Of course, this allows Approach not only defining a height map of the sample, but also the acquisition of a depth profile of the sample. That succeeds in that, for example, individual selected points in the reference pattern by the mentioned depth course a spread or increasing Experience convergence. Either way, the situation changes single selected or all the points of the reference pattern, if you put that to the test illustrated reference pattern actual image with the reference pattern target image compares. This can be reliable inferred to the sample topology become. About that lets out determine the focus or define the focal plane in this way. Because in the focal plane all have or selected points of the reference pattern a predetermined fixed distance and be they neither spread nor converge.

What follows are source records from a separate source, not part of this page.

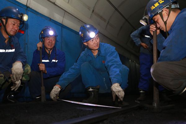 2013年8月,礦井一次采全高大型綜采設(shè)備搬家倒面,重達(dá)四十余噸的綜采支架等大型綜采設(shè)備的安全拉運給運輸軌道提出了更嚴(yán)的標(biāo)準(zhǔn)的要求。沒有經(jīng)驗,就在干中學(xué),在學(xué)中干。他和工友們主動放棄休假,堅守崗位,嚴(yán)格軌道鋪設(shè)、安裝道岔安全施工作業(yè)標(biāo)準(zhǔn),加強日常維護(hù)的同時快速處理緊急和突發(fā)狀況。無論什么時候,只要工作需要,就一定有他們揮汗如雨的繁忙身影,即使任務(wù)再難再重,全班也沒有一個人叫苦叫累,大家的心中只有一個共同的目標(biāo),那就是堅決不能因為運輸環(huán)節(jié)問題影響礦生產(chǎn)接續(xù)的正常進(jìn)行。40多天的毅然堅守,礦井生產(chǎn)接續(xù)過程中沒有出現(xiàn)一起因軌道質(zhì)量造成的安全事故。從2013年到2016年連續(xù)四年,1500多個日日夜夜的安全運輸戰(zhàn)績背后,是苗長珍和工友們始終如一的堅守、揮汗如雨的的奮戰(zhàn)得來的結(jié)果。
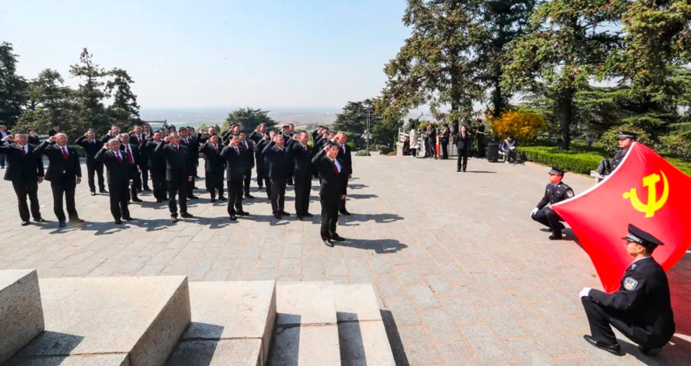 4月1日上午,市中級人民法院組織黨員干警代表赴贛榆抗日山烈士陵園,開展“緬懷先烈志 鑄就法治魂”主題黨日暨黨組理論學習中心組現場研學活動。通過實地場景緬懷革命先烈,傳承紅色基因,凝聚奮進力量。市中院黨組書記、院長劉振等院領導,部門負責人及黨員干警代表等40余人參加活動。
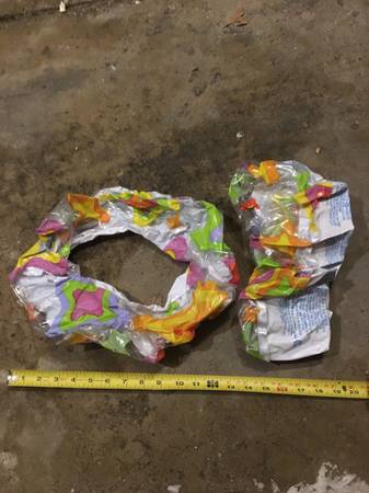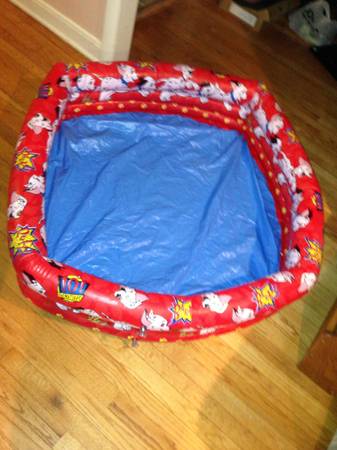 2) kids swimming pool. very nice colorful. Have 3 separated air blow in valves for easy blow air in. and flattened for storage. size 45" diameter and 16" height. $15
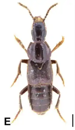 Adults have a dark brown head, elytra, abdomen, antennae and legs, while the pronotum and apices of the abdominal tergites are slightly paler and dark reddish brown. The apical tarsomeres of all legs are paler and yellow-brown and the abdomen is vaguely iridescent.[1]
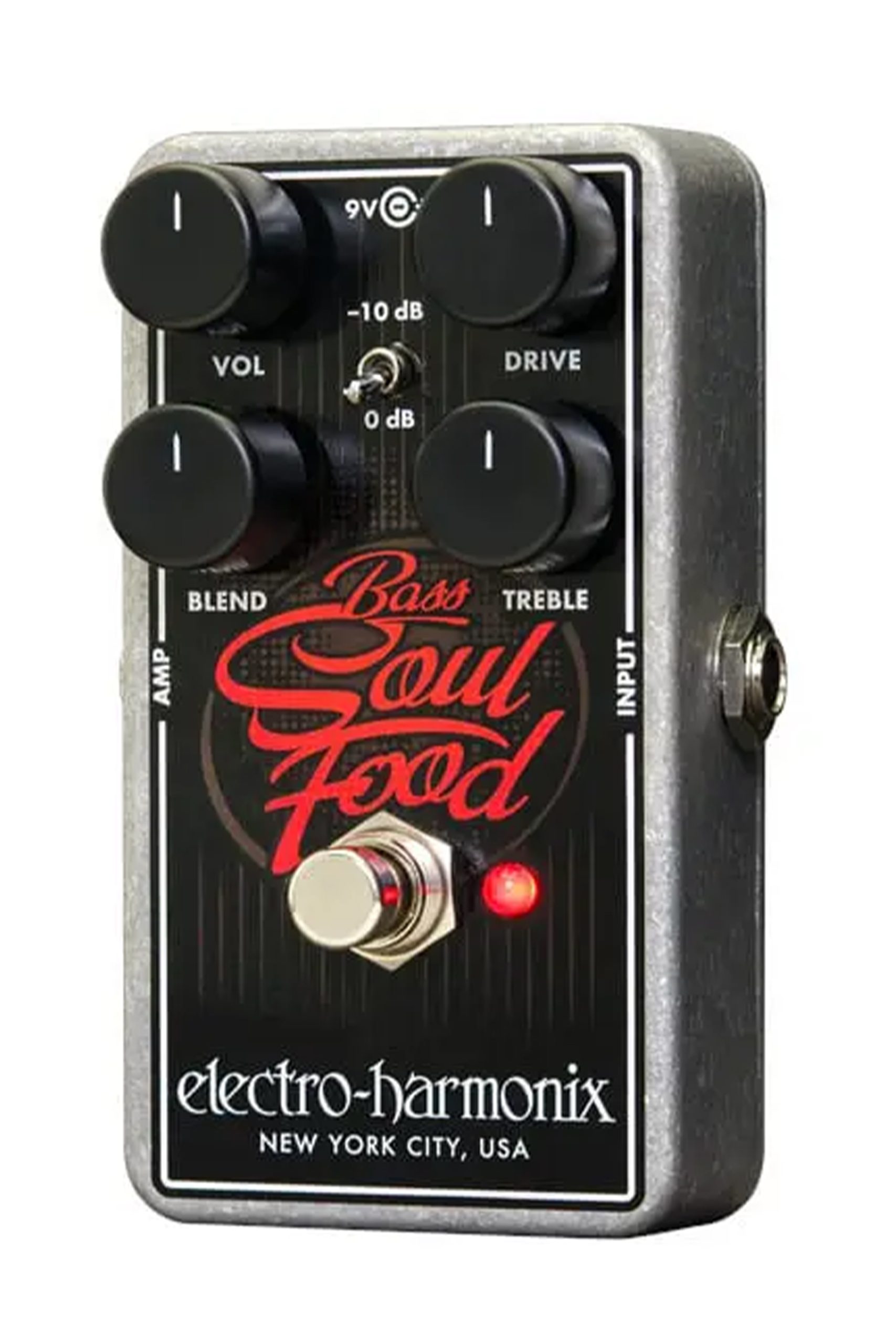 Selectable true or buffered bypass modes and a switchable -10dB pad for active instruments complete the package. Bass Soul Food runs on a 9V battery and ships with a EHX9.6DC-200 power supply.
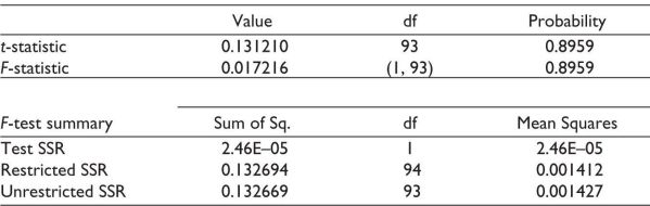 Table 8 presents the result of the RESET test, that is, the regression specification error test (Ramsey, 1969) for the model. This test helps to check whether the model is well specified and not omitted significant variables. For the model to be adequate, the probability value should be greater than the 5% significant level. Here, the value is 0.8959, which is satisfactory.
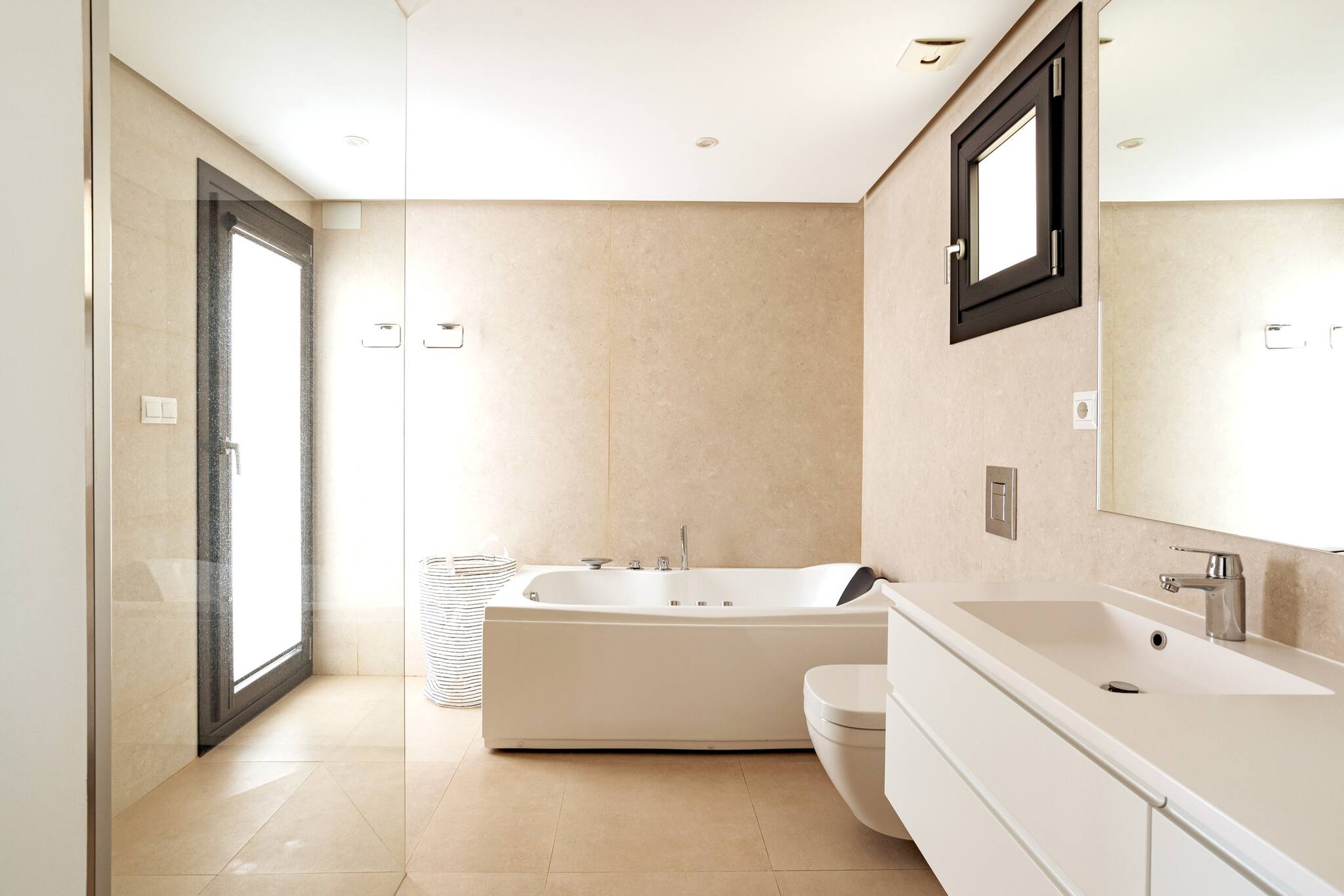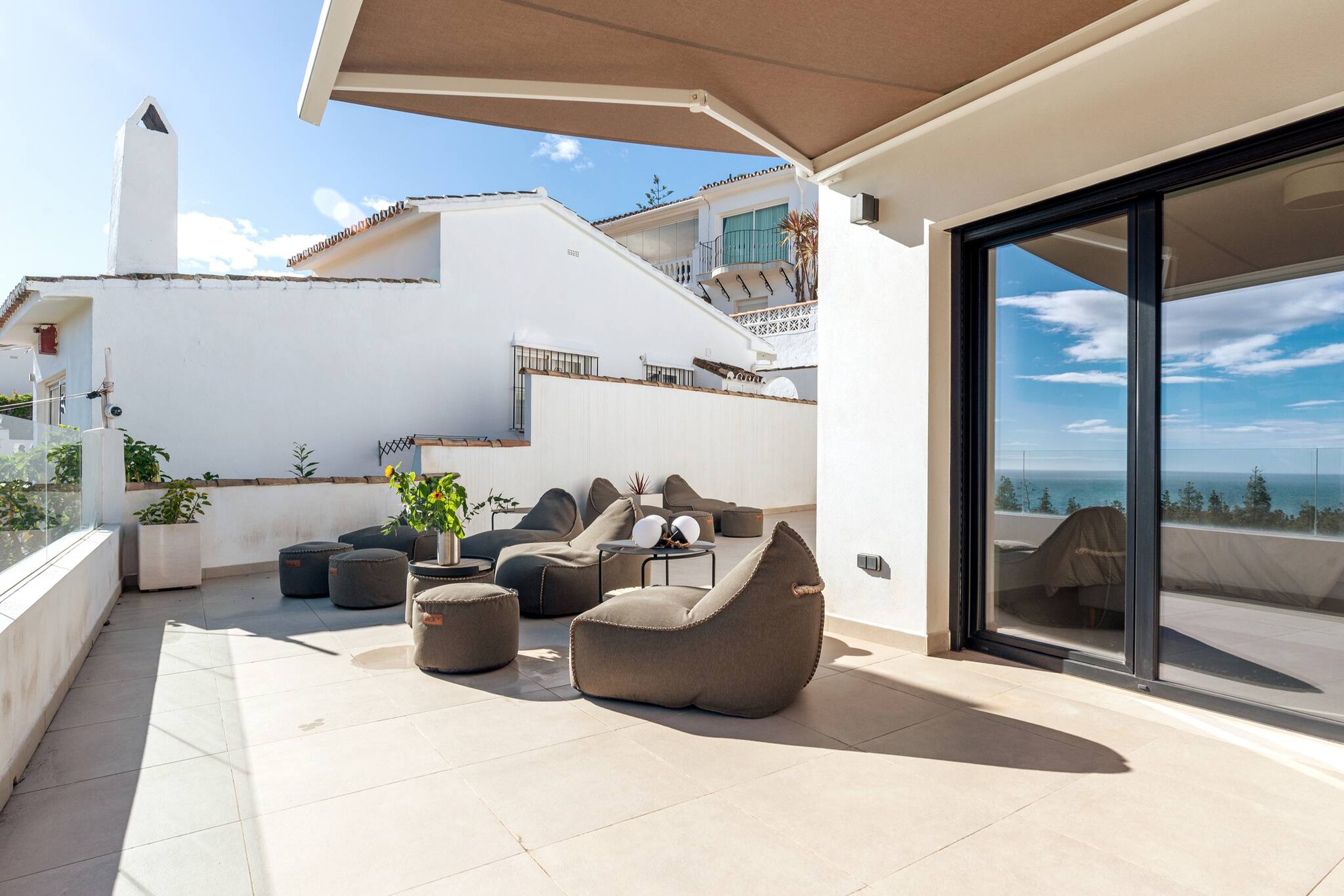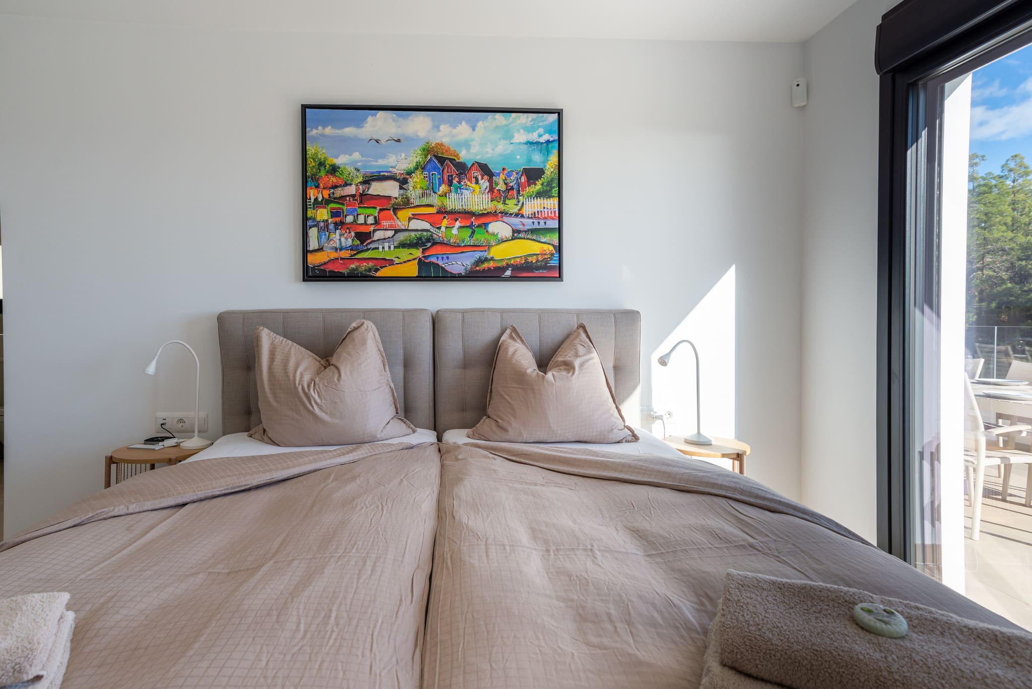 En la planta superior se encuentra la impresionante suite principal, con acceso directo a la terraza y a un solárium privado. Aquí podrás despertarte con vistas al mar y a la montaña, y disfrutar de un gran baño, armarios empotrados y una zona de oficina perfecta si necesitas teletrabajar… o simplemente relajarte con las vistas.
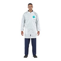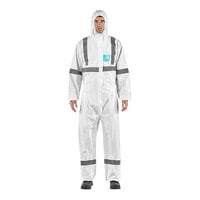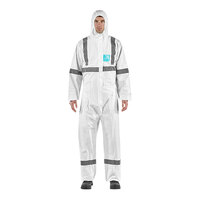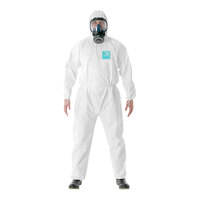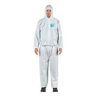 Keep employees protected with this Ansell AlphaTec® 68-2000 Model 107 white microporous polyethylene coverall with hood and anti-skid boots. This coverall offers advanced protection against low concentration liquid chemicals and liquid and particulate biological hazards. It is also compliant with EN 14126 and ASTM F1670/1671 requirements for protection against bloodborne pathogens. It is constructed of durable microporous polyethylene laminate that offers superior breathability to prevent heat stress. This coverall is anti-static as tested to EN 1149-5 and AATCC 76 standards, and it is low linting to reduce the risk of cross contamination. It is also silicone-free for spray painting applications.
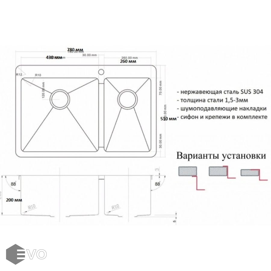Мойка Zorg R-78-2-51-L из нержавеющей стали марки 304 отличается толщиной верхней поверхности (3 мм) и толщиной стенок (1.5 мм). Кроме этого, тыльная поверхность мойки покрыта полимером для уменьшения возникновения звука от воды.
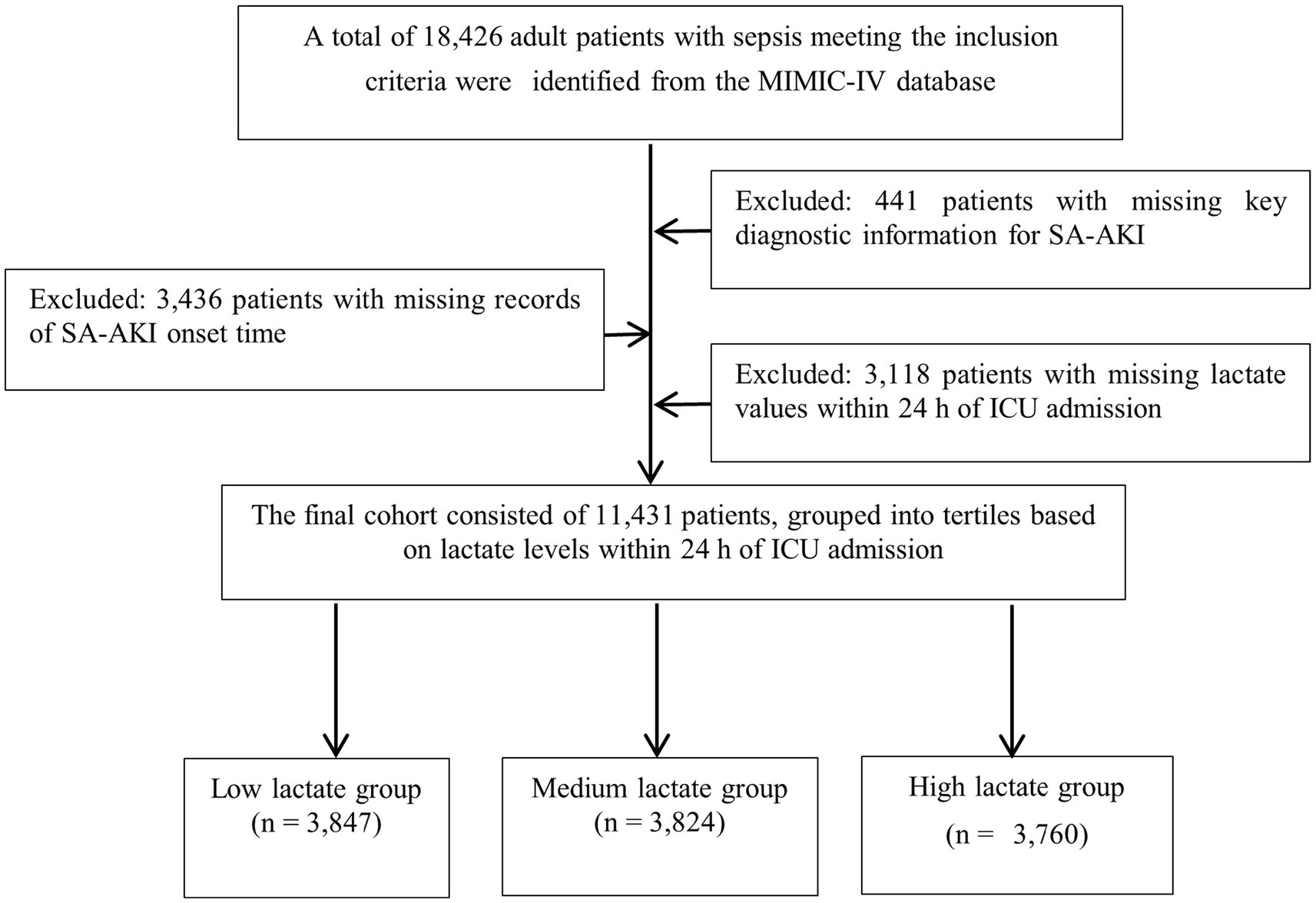 Flowchart depicting patient selection from the MIMIC-IV database. Starting with 18,426 adult sepsis patients, 3,436 were excluded due to missing SA-AKI onset time records, 441 for missing diagnostic info, and 3,118 for missing lactate values. The final cohort of 11,431 patients was grouped into low (3,847), medium (3,824), and high (3,760) lactate groups based on levels within 24 hours of ICU admission.
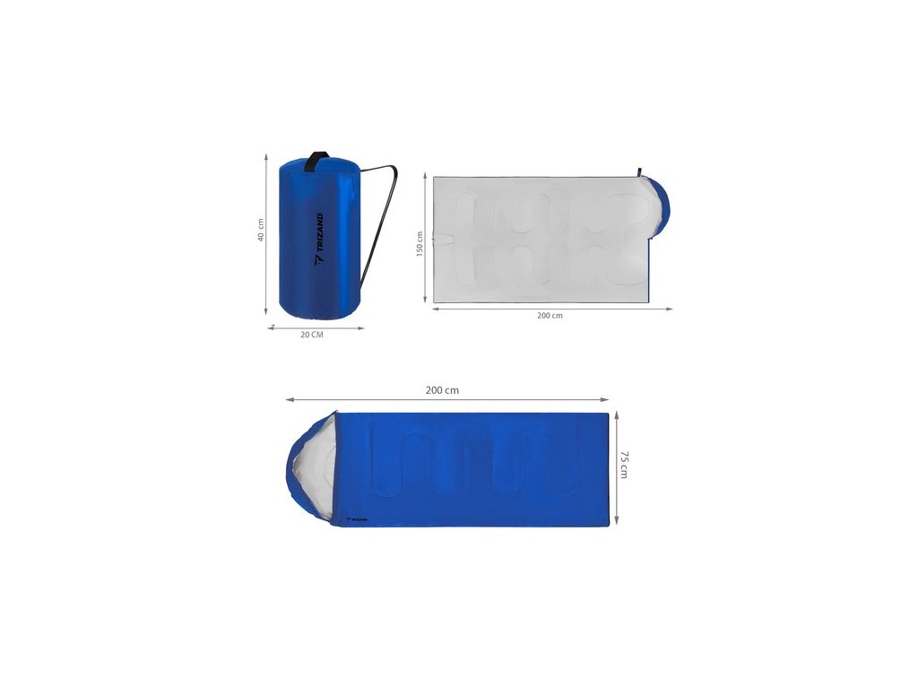 Turistický Spací Pytel 2v1 v modro-černé barvě je vyroben z 210T voděodolného polyesteru Ripstop. Jeho rozměry jsou 200/75 cm, což ho činí ideálním pro pohodlný spánek během vašich outdoorových dobrodružství. Tento spací pytel je součástí kategorií Doplňkový prodej, Sport a volný čas, Sport a turistika a Spacáky.

In any case, the invention makes use of the fact that a three-dimensional object - the sample - only within an area dependent on the depth of field of the optical unit and thus its numerical aperture perpendicular to the focus (in the Z direction), ie in X- / Y plane, Schart is pictured. Now, if you take a stack of frames, ie multiple frames at an X / Y position by changing the focus in the Z direction, the respective sharp area of a frame can be linked to a control signal in the Z direction. From this, the height profile of the sample can be derived without additionally requiring a reference pattern generation unit. Rather, in this case it is sufficient to assign at least one sensor to the adjustment unit. This sensor generates when taking the stack of Einzelbil associated with the sample control signals that are evaluated in conjunction with the respective focused areas of the individual images of the sample for determining the sample topology in the control pad.

The Extension of the sample in one to a sample stage of the adjustment parallel plane, d. H. mostly in X / Y plane, can be from the picture scale determine the optical unit in conjunction with the recording unit. In conjunction with the values for the height course In this way the sample is a complex, exact three-dimensional one Image of the sample in the control system available, which is under application of course suitable software rotated and from different positions on the playback unit or the screen can be viewed.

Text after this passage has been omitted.